**WHAT THIS TASK INVOLVES:** Word for word, set down the lines from the one that holds "圖2:a電化學阻抗譜,b是阻抗與炭化料和活性炭角頻率平方根倒數之間的線性關系。" through the final line of the listing below, and exclude every picture.

**DATA:**
Segment Open

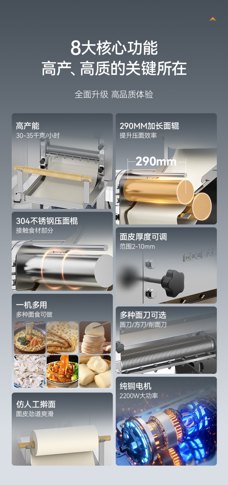 麦大厨连锁款2.2kw商用压面条机全自动轧面条机
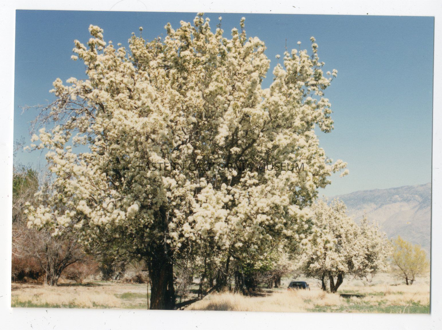 Color photo of an orchard blossoming with white flowers. There is a car parked in the shade.
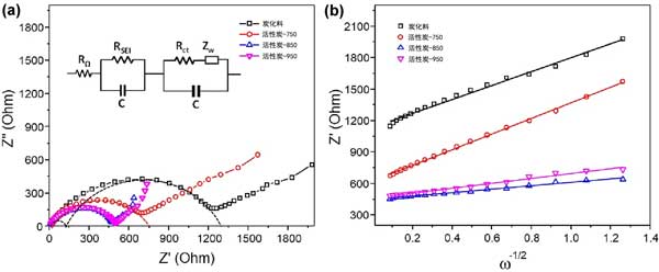 圖2:a電化學阻抗譜,b是阻抗與炭化料和活性炭角頻率平方根倒數之間的線性關系。
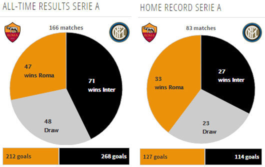 Roma selalu menang dalam enam laga kandang terakhirnya di Serie A. Roma juga tak terkalahkan dalam enam laga kandang terakhirnya melawan Inter di semua ajang. [initial]

Segment Closed

**RESULT OF THE TASK:**
 圖2:a電化學阻抗譜,b是阻抗與炭化料和活性炭角頻率平方根倒數之間的線性關系。
 Roma selalu menang dalam enam laga kandang terakhirnya di Serie A. Roma juga tak terkalahkan dalam enam laga kandang terakhirnya melawan Inter di semua ajang. [initial]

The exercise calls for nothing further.